- [Task]: Everything from the line holding "Design is 9.5" to the end of the listing below should be copied exactly, line for line, minus the pictures.

- [Raw data]:
• • •
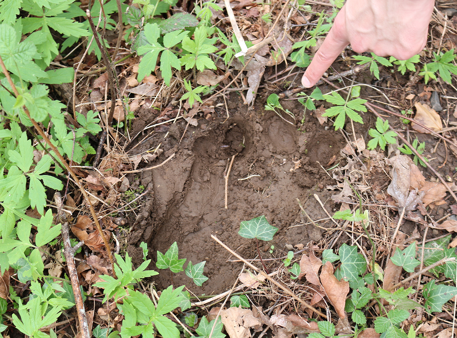 Proof! A Monster Spotters Student Club photograph of one of the many strange tracks they found among invasive ivy in Lesser Park. Tracks lead to a trap students made that is baited with M&Ms. They report no beast has been captured yet, though.
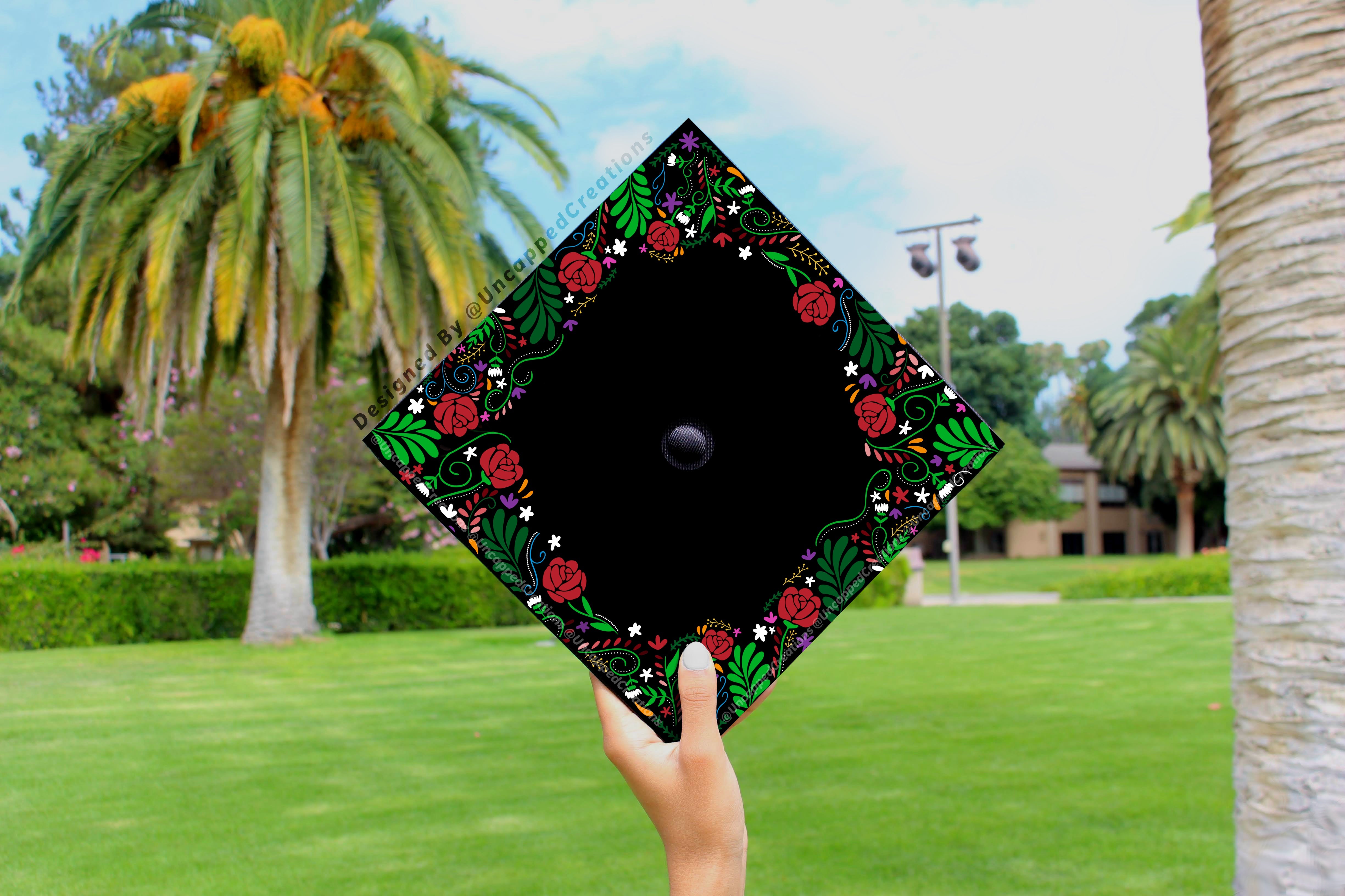 Design is 9.5 x 9.5 inches with an approximate 1 inch hole in the center and double sided adhesive in the back. Design is printed on cardstock, not hand painted. The topper will fit the standard 9 x 9 inches graduation cap / mortar board. (If you need a different size, please let me know the size IN INCHES that you need it for.)
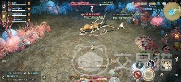 锐牙长须豹:这就是第1个boss,玩家沿途就能够看到3~4组合为一体的小怪。部分的小怪就会有特殊的技能,例如蝙蝠就会释放黑色的debuff。会将自身作为中心,然后去释放一个比较可怕的范围性伤害。水母在平a之后就会有仇恨清空效果,还有麻痹清空效果,另外还会朝着正前方造成范围性伤害。在面对这一个boss时,玩家就需要选择正确的珊瑚,如果选择的颜色出错,就会影响到通关的机会。
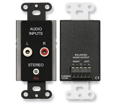 The DB-CIJ3D is the ideal choice in installations requiring stereo unbalanced line level audio sources to feed stereo balanced (or unbalanced) audio lines.
• • •
- [Task output]:
 Design is 9.5 x 9.5 inches with an approximate 1 inch hole in the center and double sided adhesive in the back. Design is printed on cardstock, not hand painted. The topper will fit the standard 9 x 9 inches graduation cap / mortar board. (If you need a different size, please let me know the size IN INCHES that you need it for.)
 锐牙长须豹:这就是第1个boss,玩家沿途就能够看到3~4组合为一体的小怪。部分的小怪就会有特殊的技能,例如蝙蝠就会释放黑色的debuff。会将自身作为中心,然后去释放一个比较可怕的范围性伤害。水母在平a之后就会有仇恨清空效果,还有麻痹清空效果,另外还会朝着正前方造成范围性伤害。在面对这一个boss时,玩家就需要选择正确的珊瑚,如果选择的颜色出错,就会影响到通关的机会。
 The DB-CIJ3D is the ideal choice in installations requiring stereo unbalanced line level audio sources to feed stereo balanced (or unbalanced) audio lines.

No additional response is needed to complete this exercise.